Sure, I can be hot-headed but I never knew I’m hot-blooded too, until recently.
Everyone warned me to prepare myself mentally for my first Texan summer. Before I arrived in Austin, I winced whenever I heard my friends complain about how unbearable the scorching summers are.
When I arrived at the airport from Portland, I felt oddly comfortable. After enduring the rainiest and coldest excuse of a spring/ summer in Vancouver, I was relieved to feel my pores open up. There and then, I soaked up the heat into my perma-chilly body.
With all respect, Texas heat is no laughing matter. I sweat from walking mere steps from my car to the closest air conditioned establishment. The most intolerable moment is opening the car door after it’s been baking under the unrelenting sun. From the dizzying suffocation of the furnace-hot air to the sharp sear on my legs from the leather seats, entering a hot Texan car can be summed up as: inhumane.
Besides that, I discovered that I prefer the dry heat over Vancouver’s constant, nippy drizzle. I love the sweltering walk to the pool and diving into the revitalizing water. Watching the sunset on an outdoor patio, with mist from the whirring fans superficially cooling my skin, a chilled cocktail has never tasted so good. I’m never stranded outside wearing the wrong shoes when the sky changes its mind; flip flops are infallible.
Then there’s this: grilling the most robust summer vegetables, throwing on a thick slab of meat, and attempting to cool off with pitchers of sangria. Call me a simpleton but these are the days that I live for. It’s too hot to cook anything elaborate so I’ve been on a grilled salad kick (here and here). I also load up on peaches, avocados, mangoes, and whatever else is pricier back home.

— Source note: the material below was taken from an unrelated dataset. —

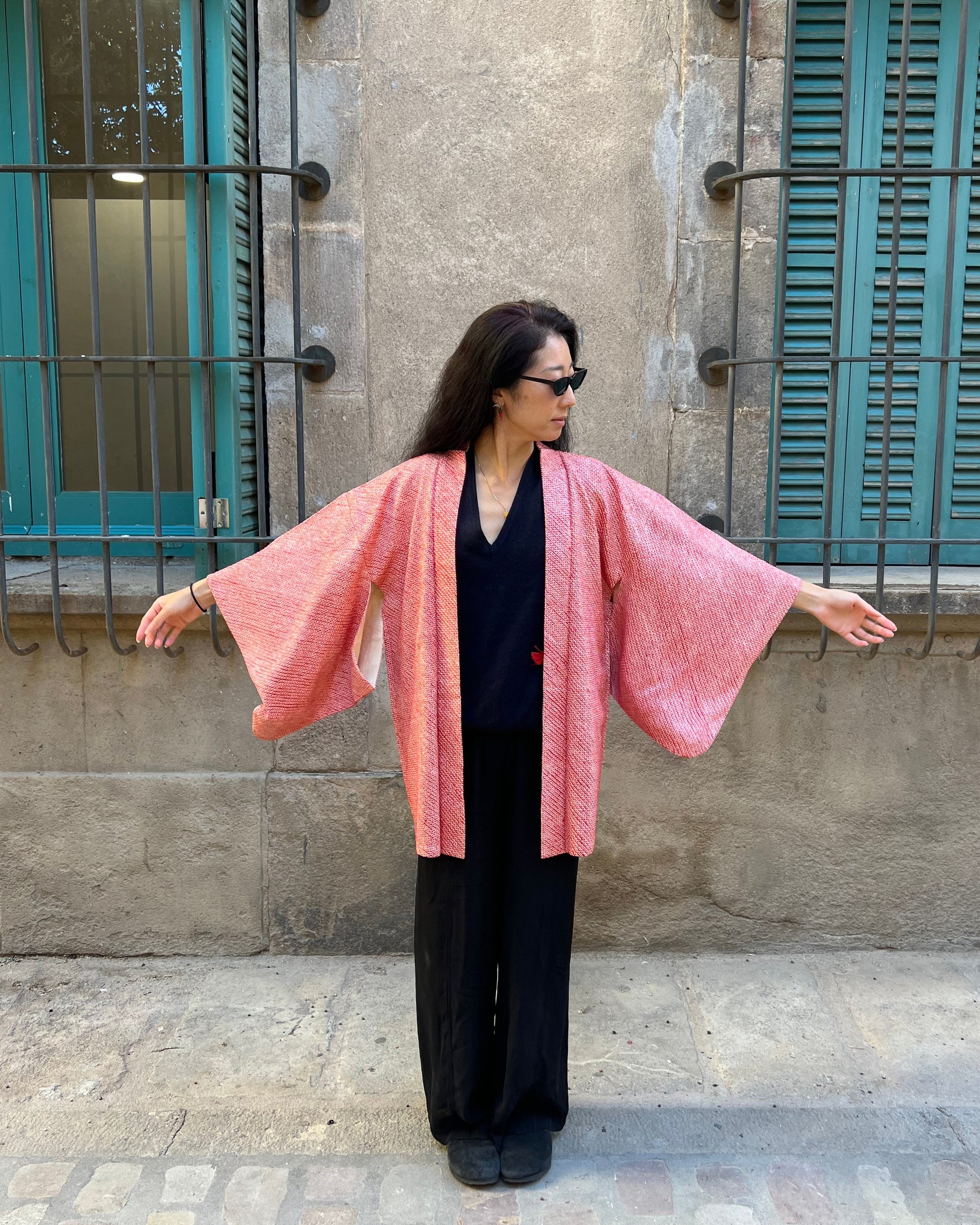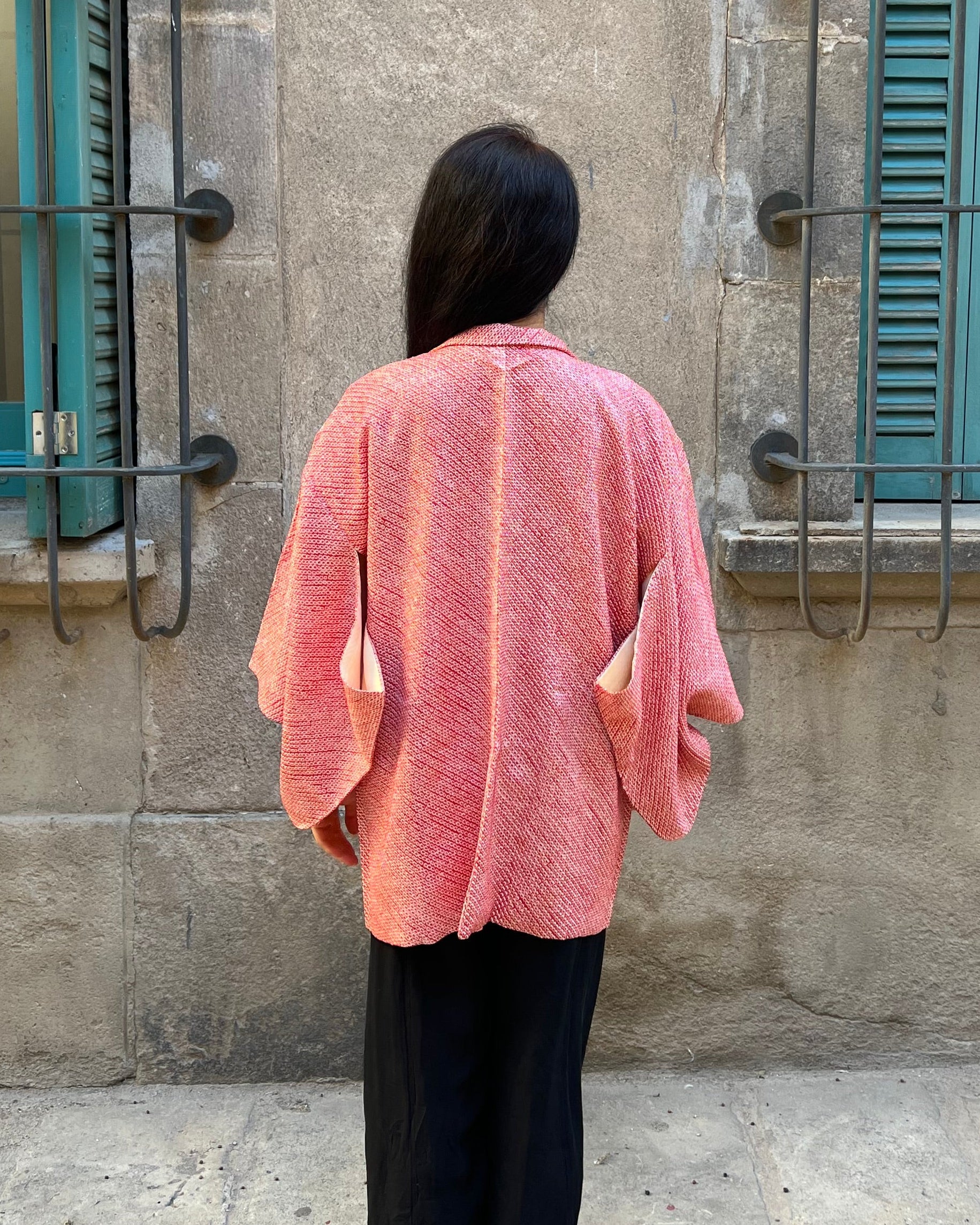 This bright red haori showcases a shibori texture, Inside lining features silk jacquard painted with contrasting flowers - highlighting the artistry and craftsmanship behind the piece.

Then there are Hatch Chiles (aka Hatch Green Chiles or Hatch Peppers). Hailing from New Mexico, these long, fleshy green peppers are so well-loved that they have a dedicated festival every Labor Day. Having never heard of them before heading down South, I relied on @TheRealMrFury to show me how to prep them. There are mild and hot varieties, and some stores even sell them roasted. We naturally decided to take matters into our own hands.
Wielding his blowtorch, he charred and blistered the skin meticulously until not a speck of green could be found. He placed them in a bowl and covered it with a towel. We proceeded to grill a fennel bulb that I carefully cut into six wedges with the layers intact. We shaved half a red onion and soaked it in ice water to take away the sting. Not wanting to mask the Hatch chiles’ flavour, we incorporated some mild goat’s cheese and a creamy avocado.
After removing the skin and de-seeding the chiles, I popped a few pieces into my mouth. They’re juicy, sweet, and have a bright green flavour with a tinge of a pleasantly bitter aftertaste. The heat built up ever so slowly, starting at the jaw and creeping to the tip of the tongue. The avocado and goat’s cheese’s cooling affect tamed the heat – thank goodness. These humble looking peppers definitely lived up to their hype. If you’re ever down South in the summer, give these delicately hot peppers a try.
Heat on heat is the only way to go.
Hatch Green Chile Pepper Salad Recipe
- 3 Hatch chiles. Substitute with poblanos if not available
- 1 fennel bulb, cut into 6 wedges
- 1 avocado, sliced
- 1/2 red onion, shaved thinly and soaked in ice water
- 1/2 cup goat cheese
- 1 lime, zest and juice
- olive oil
- salt and cayenne pepper
- Char the chile with a blowtorch or directly on the flame over a gas stove. Place the chile in a bowl and cover tightly until cooled
- Meanwhile, rub the fennel bulbs with oil, salt, and pepper. Grill slowly until tender.
- Peel and de-seed, and slice the cooled chile.
- To plate, place three fennel bulbs on the plate. Divide the chile in between. Place the avocado slices on the fennel and top with goat’s cheese. Scatter the onion shavings on top.
- Whisk together the lime juice and zest, 1/4 cup of oil, 1 tsp honey, salt and cayenne pepper to taste. Drizzle on the salad and sprinkle on additional cayenne pepper.